As an example, make that load-acquire in the MCS unlock function a load-relaxed instead (as
it was before that patch) and run the verifier:
$ ./verify -am mcslock
Verifying mcslock
(lots of output of failed verifications)
<CTRL-C>
Interrupted
Histogram over number of steps:
20: 594
21: 0
22: 0
23: 0
24: 0
25: 0
26: 566
27: 0
28: 684
29: 0
30: 155
31: 0
32: 593
33: 0
34: 420
35: 0
36: 155
Summary:
succeeded: 3167
interrupted: 0
failed: 5871
total: 9038 (0x234e)
Synchronization analysis:
load @ src/p64_mcslock.c:28 synchronizes-with store @ src/p64_mcslock.c:56 (count 594)
load @ src/p64_mcslock.c:42 synchronizes-with store @ src/p64_mcslock.c:70 (count 2573)
load @ src/p64_mcslock.c:65 synchronizes-with store @ src/p64_mcslock.c:38 (count 2573)

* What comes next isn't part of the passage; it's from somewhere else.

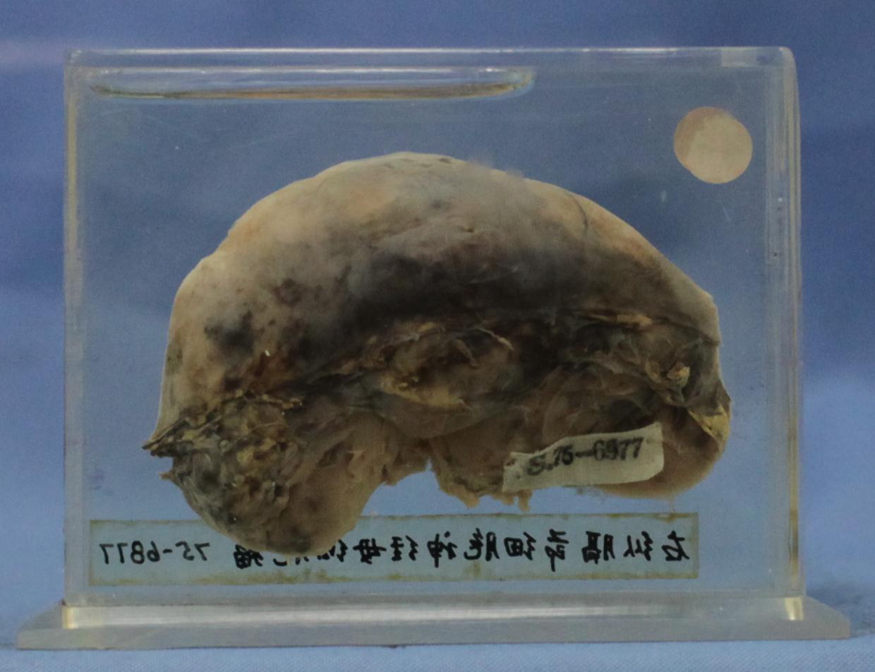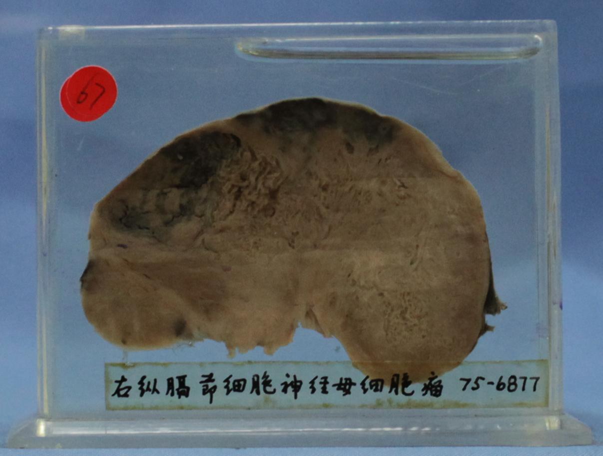 4×5.5cm白色肿物剖面,瘤体质地细腻呈乳白色,镜检证实其为(纵膈)节神经细胞瘤。

load @ src/p64_mcslock.c:28 synchronizes-with store @ src/p64_mcslock.c:28 (count 8444)
src/p64_mcslock.c:69 data-races-with src/p64_mcslock.c:26 (count 5871)
Elapsed 1.028909533 seconds, average 113842ns/permutation, average 11530ns/step
The first failed permutation is 0x7. Re-run that with the verbose flag.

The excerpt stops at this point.